Yes, but check how registered memory can be implemented both in VDUSE
and in-kernel vDPA drivers.

> VDUSE currently only supports virtio-block (security scoping in
> drivers/vdpa/vduse/). Extending it to virtio-rdma would require
> kernel patches to whitelist the device type, with appropriate
> validation in the virtio-rdma driver to handle untrusted device
> input safely.
>
> = Prior work =
>
> I was able to find a few explorations of virtio-RDMA but no prior
> effort produced upstream-viable code. Yuval Shaia (Oracle) posted
> an RFC in April 2019 with a QEMU device model and kernel driver,
> but it only implemented probing and basic ibverbs (no data path nor
> progress past RFC v1). The MIKELANGELO/Huawei vRDMA project
> (2016-2017) targeted QEMU 2.3 and the OSv unikernel as part of an EU
> Horizon 2020 research effort it seems now obsolete.
>
> The most relevant prior work I could find is from Xie Yongji and Wei
> Junji at ByteDance, who posted an [RFC v2] to virtio-comment in May
> 2022 [1] proposing to add RoCE as a VIRTIO_NET_F_ROCE feature extension
> to virtio-net (rather than a standalone device type). Their v1 was a
> standalone device; the v2 reworked it as a virtio-net extension. They
> had working code (kernel driver, QEMU, rdma-core, vhost-user-rdma
> backend) but the effort seems to have gone quiet after 2022 with no
> v3. Notably, Yongji is also the author of VDUSE itself so I'd really
> value his input. I'm proposing a standalone device type rather than a
> virtio-net extension because RDMA isn't inherently tied to Ethernet
> (InfiniBand exists), it maps more cleanly onto the vDPA offload model
> as a separate device, and it avoids burdening virtio-net with RDMA
> complexity. But I could be wrong — happy to hear arguments either way.
>
> In addition, very recently, Xiong Weimin posted a vhost-user-rdma/DPDK
> concept to netdev (Dec 2025) [2] which takes a different architectural
> approach (DPDK-based vhost-user backend); that work seems
> complementary but has not produced formal patches.
>
> I CC'd both Yongji and Xiong on this email in case they have opinions.
>
> This series builds on the same virtio-RDMA concept with a complete
> data path, modern QEMU/kernel APIs (virtio-1.0, QIOChannel, kernel
> 6.x ib_device_ops), and a vDPA-native architecture that none of the
> prior efforts had.
>
> [1] https://groups.oasis-open.org/communities/community-home/digestviewer/viewthread?MessageKey=20912da6-db56-441c-9117-0148b9c86ea5&CommunityKey=2f26be99-3aa1-48f6-93a5-018dce262226
> [2] https://lists.openwall.net/netdev/2025/12/19/13
>
> = Questions for the community =
>
>  1. Does a virtio-rdma device make sense as a direction? I've studied
>     virtio-sound and virtio-can as precedents for new device types.
>
>  2. The device is written in C to match existing virtio devices. I saw
>     the Rust PCI+DMA bindings are still in progress — should I wait,
>     or is C the right choice today?

Writing C devices is still perfectly acceptable in QEMU. With Rust you
are likely to have to work on bindings and may hit issues just because
Rust is new in QEMU, but it's there and you can absolutely use it.
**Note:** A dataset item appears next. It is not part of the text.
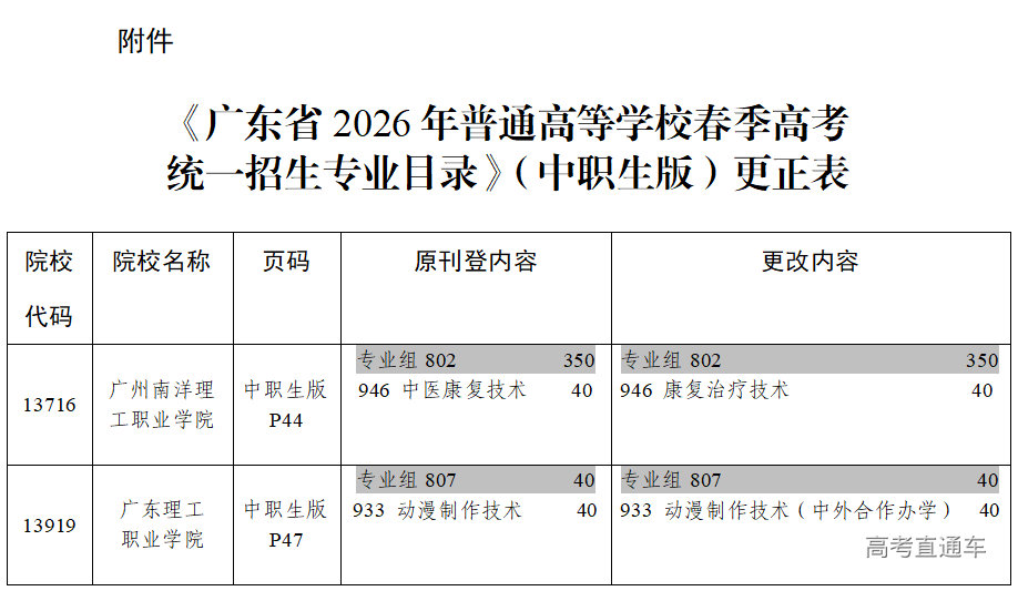 应有关高校要求,现对《广东省2026年普通高校春季高考统一招生专业目录》(中职生版)“3+证书”中职生专科批次部分内容作如下更正(见附件)。

>  3. For the shared-memory backend, I'm planning to use ivshmem. Is
>     there a preferred mechanism for zero-copy inter-VM memory sharing
>     in QEMU today, or is ivshmem still the way to go?

For the userspace virtio-rdma device implementation I expected a new
UNIX domain socket protocol along the lines of vhost-user and
vfio-user. That's because sharing guest RAM is only part of the
communication that must happen between two QEMUs and I guess you'll
need to define your own protocol to coordinate RDMA between QEMU
processes anyway.

When using vDPA or VDUSE, QEMU shares guest RAM with the device
through the /dev/vhost ioctls.

In both cases, I'm not sure if ivshmem is necessary.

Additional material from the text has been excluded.